What is required
Every entry that follows should be output exactly, and every image in it left out.

Given information

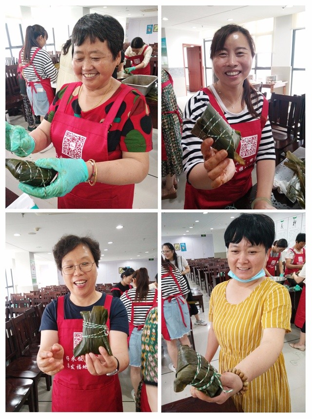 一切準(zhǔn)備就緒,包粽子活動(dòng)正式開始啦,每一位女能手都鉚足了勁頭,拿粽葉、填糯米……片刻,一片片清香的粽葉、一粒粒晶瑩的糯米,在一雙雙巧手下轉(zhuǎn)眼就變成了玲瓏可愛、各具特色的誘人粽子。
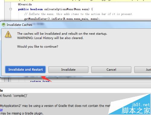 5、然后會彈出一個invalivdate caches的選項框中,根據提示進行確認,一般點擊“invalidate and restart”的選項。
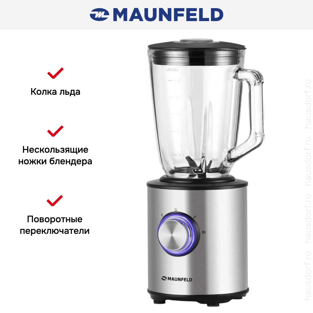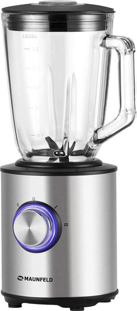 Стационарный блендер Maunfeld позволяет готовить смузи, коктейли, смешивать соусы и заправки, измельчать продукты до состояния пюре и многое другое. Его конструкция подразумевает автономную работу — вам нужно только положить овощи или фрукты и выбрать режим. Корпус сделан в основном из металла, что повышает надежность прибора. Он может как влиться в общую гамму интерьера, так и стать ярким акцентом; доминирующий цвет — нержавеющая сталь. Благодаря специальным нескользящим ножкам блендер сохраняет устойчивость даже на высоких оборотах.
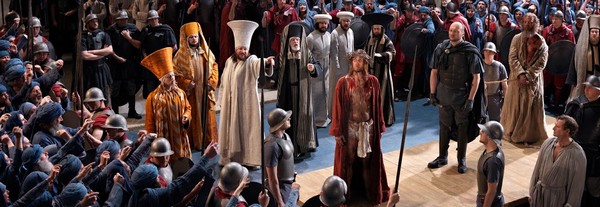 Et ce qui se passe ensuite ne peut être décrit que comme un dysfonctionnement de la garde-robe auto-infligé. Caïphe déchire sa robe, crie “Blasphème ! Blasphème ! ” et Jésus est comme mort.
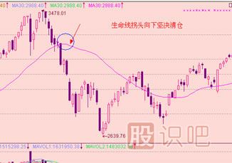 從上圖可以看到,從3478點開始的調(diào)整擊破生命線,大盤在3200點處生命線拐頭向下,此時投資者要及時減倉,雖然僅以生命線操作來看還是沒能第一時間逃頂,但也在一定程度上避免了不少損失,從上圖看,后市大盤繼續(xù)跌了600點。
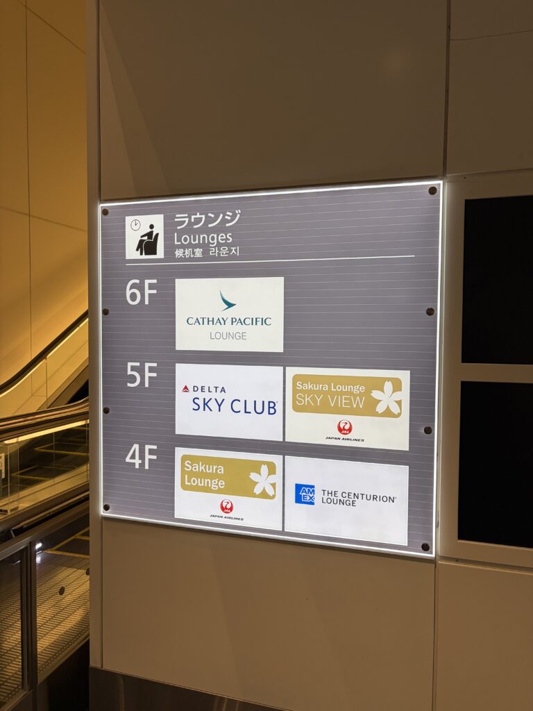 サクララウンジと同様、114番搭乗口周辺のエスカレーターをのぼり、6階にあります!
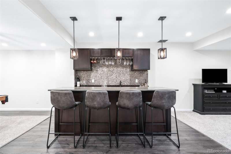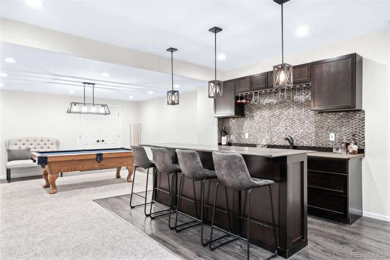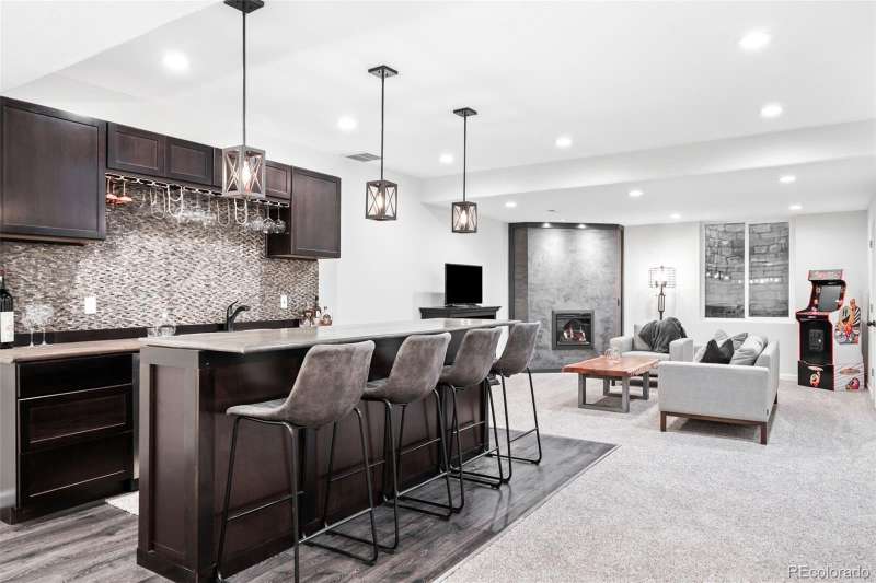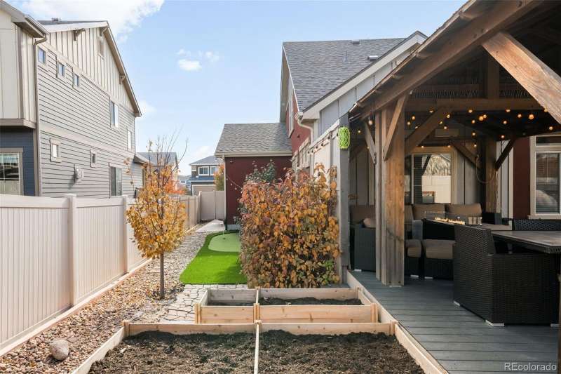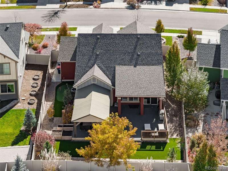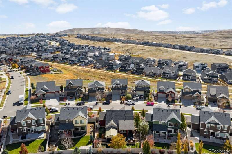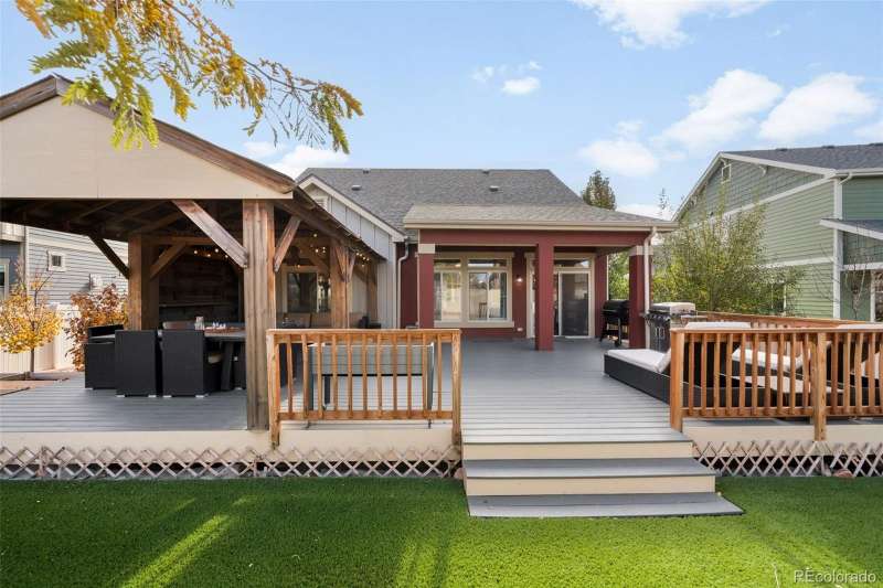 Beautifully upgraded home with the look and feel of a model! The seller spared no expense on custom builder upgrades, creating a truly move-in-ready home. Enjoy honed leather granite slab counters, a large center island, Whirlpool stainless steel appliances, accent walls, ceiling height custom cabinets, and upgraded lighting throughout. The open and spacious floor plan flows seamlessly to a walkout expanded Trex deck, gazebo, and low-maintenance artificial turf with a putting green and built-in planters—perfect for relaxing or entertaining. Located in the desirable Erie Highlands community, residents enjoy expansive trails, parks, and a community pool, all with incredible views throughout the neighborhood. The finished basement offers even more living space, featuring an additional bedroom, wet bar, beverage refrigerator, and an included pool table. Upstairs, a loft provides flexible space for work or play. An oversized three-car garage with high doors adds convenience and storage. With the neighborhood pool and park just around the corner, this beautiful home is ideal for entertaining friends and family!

Reply to the exercise
 一切準(zhǔn)備就緒,包粽子活動(dòng)正式開始啦,每一位女能手都鉚足了勁頭,拿粽葉、填糯米……片刻,一片片清香的粽葉、一粒粒晶瑩的糯米,在一雙雙巧手下轉(zhuǎn)眼就變成了玲瓏可愛、各具特色的誘人粽子。
 5、然后會彈出一個invalivdate caches的選項框中,根據提示進行確認,一般點擊“invalidate and restart”的選項。
 Стационарный блендер Maunfeld позволяет готовить смузи, коктейли, смешивать соусы и заправки, измельчать продукты до состояния пюре и многое другое. Его конструкция подразумевает автономную работу — вам нужно только положить овощи или фрукты и выбрать режим. Корпус сделан в основном из металла, что повышает надежность прибора. Он может как влиться в общую гамму интерьера, так и стать ярким акцентом; доминирующий цвет — нержавеющая сталь. Благодаря специальным нескользящим ножкам блендер сохраняет устойчивость даже на высоких оборотах.
 Et ce qui se passe ensuite ne peut être décrit que comme un dysfonctionnement de la garde-robe auto-infligé. Caïphe déchire sa robe, crie “Blasphème ! Blasphème ! ” et Jésus est comme mort.
 從上圖可以看到,從3478點開始的調(diào)整擊破生命線,大盤在3200點處生命線拐頭向下,此時投資者要及時減倉,雖然僅以生命線操作來看還是沒能第一時間逃頂,但也在一定程度上避免了不少損失,從上圖看,后市大盤繼續(xù)跌了600點。
 サクララウンジと同様、114番搭乗口周辺のエスカレーターをのぼり、6階にあります!
 Beautifully upgraded home with the look and feel of a model! The seller spared no expense on custom builder upgrades, creating a truly move-in-ready home. Enjoy honed leather granite slab counters, a large center island, Whirlpool stainless steel appliances, accent walls, ceiling height custom cabinets, and upgraded lighting throughout. The open and spacious floor plan flows seamlessly to a walkout expanded Trex deck, gazebo, and low-maintenance artificial turf with a putting green and built-in planters—perfect for relaxing or entertaining. Located in the desirable Erie Highlands community, residents enjoy expansive trails, parks, and a community pool, all with incredible views throughout the neighborhood. The finished basement offers even more living space, featuring an additional bedroom, wet bar, beverage refrigerator, and an included pool table. Upstairs, a loft provides flexible space for work or play. An oversized three-car garage with high doors adds convenience and storage. With the neighborhood pool and park just around the corner, this beautiful home is ideal for entertaining friends and family!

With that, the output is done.